The types of tagged pointers
We will be testing 4 different types of tagged pointers here:
- Lower bits
- This is probably the most common type of tagged pointer, and the one used by Emacs. Essentially this takes advantage of the fact that pointers are usually aligned to a machine word, so on a 64-bit platform there are 3 bits at the bottom of the ptr that will always be 0. These can be used to tag the value without impacting the pointer at all.
- Lower byte
- Not only is there empty space at the bottom of a pointer due to alignment, but there is also (usually) space at the top. Most modern 64-bit machines do not use the full 64 bits of address space, leaving the top 2 bytes unused1. Lower byte tagging takes advantage of this by shifting the value up one byte and using the bottom byte as a tag. The idea is that accessing the bottom byte is easier than the top byte for most instruction sets. This gives a much larger range of tags.
- Upper byte
- similar to lower byte, but the tag is stored in the top of the word instead of the bottom. This would allow you to take advantage of hardware support for Top Byte Ignore (TBI) to untag the pointer for free. Currently, ARM is the only major vendor with support for TBI. Android even uses this for extra levels of security. In the benchmarks below we are not using TBI.
- Upper bits
- This tagging scheme also takes advantage of the alignment bits at the bottom of the pointer but stores the tag at the top. The pointer is right-shifted by the number of alignment bits before inserting the tag. This allows us to use multiplication to retrieve the value, which can be directly embedded into the instruction stream.
- Nan Boxing
- Generally used only in languages where floating points are the primary number (such as Javascript and Lua). This scheme takes advantage of the fact the IEEE floating point number has a bunch of unused values to represent NaN (Not a Number) and these can be used to encode pointers. This allows us to embed floats directly into the tagged value without having to dereference a pointer.
We will be testing against a fat pointer for the baseline. This will use two words, one for the tag and one for the pointer. This is what you get with Rust enums or Zig tagged unions. Since this version does not need to do any pointer manipulation for untagging, we expect it to be faster than the tagged pointers.
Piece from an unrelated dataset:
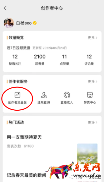 第二步,在創作者服務找到創作者流量包進入選擇視頻
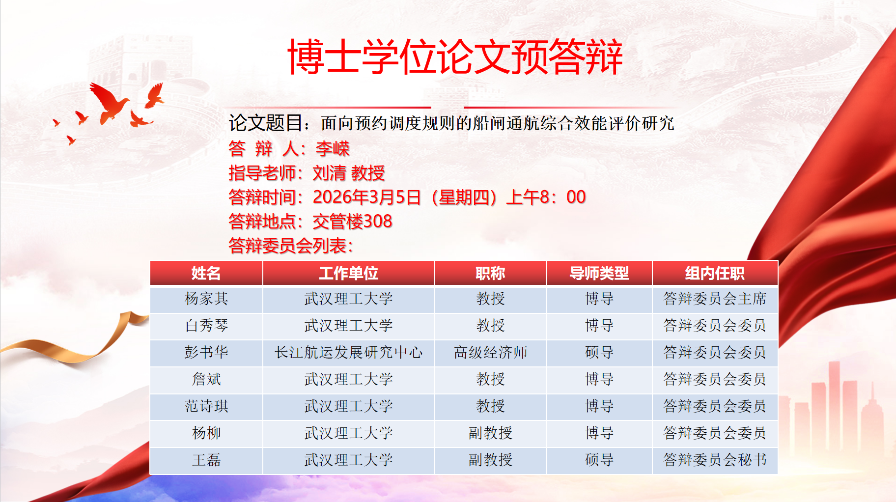 博士学位论文预答辩公告

type | create | get tag | get data | total tags |
---|---|---|---|---|
lower bits | ptr | tag | ptr & 0x7 | ptr & !0x7 | 8 |
lower byte | ptr << 8 | tag | ptr as u8 | ptr >> 8 | 256 |
upper bits | ptr | tag << 61 | ptr >> 61 | ptr << 3 | 8 |
upper byte | ptr | tag << 56 | ptr >> 56 | ptr & !(0xFF << 56) | 256 |
nan boxing | ptr | nan | tag | if nan == (ptr & nan) {ptr & 0x7} | ptr & !(nan | 0x7) | 8 |
In theory, these should all be roughly the same, as they each use one operation to get the tag and another to get the data. But as we will see below, that is not always the case and even depends on the instruction set used.
We have two main flavors of benchmarks:
- Check tag
- Only check if the pointer matches a certain set of tags and if so increment a counter. This lets us benchmark just the “untagging” portion without dereferencing the pointer.
- Get data
- Untag the pointer and if it matches the tags of interest add the value to a rolling sum. All the tagged data types have an integer field used for this benchmark, but the field is not always at offset 0.
Each benchmark consists of 10,000 iterations. Benchmarks are run on an ARM M1 MacBook unless it says otherwise.
Tag 0
Starting off with a benchmark to sum all items that have a tag value of zero.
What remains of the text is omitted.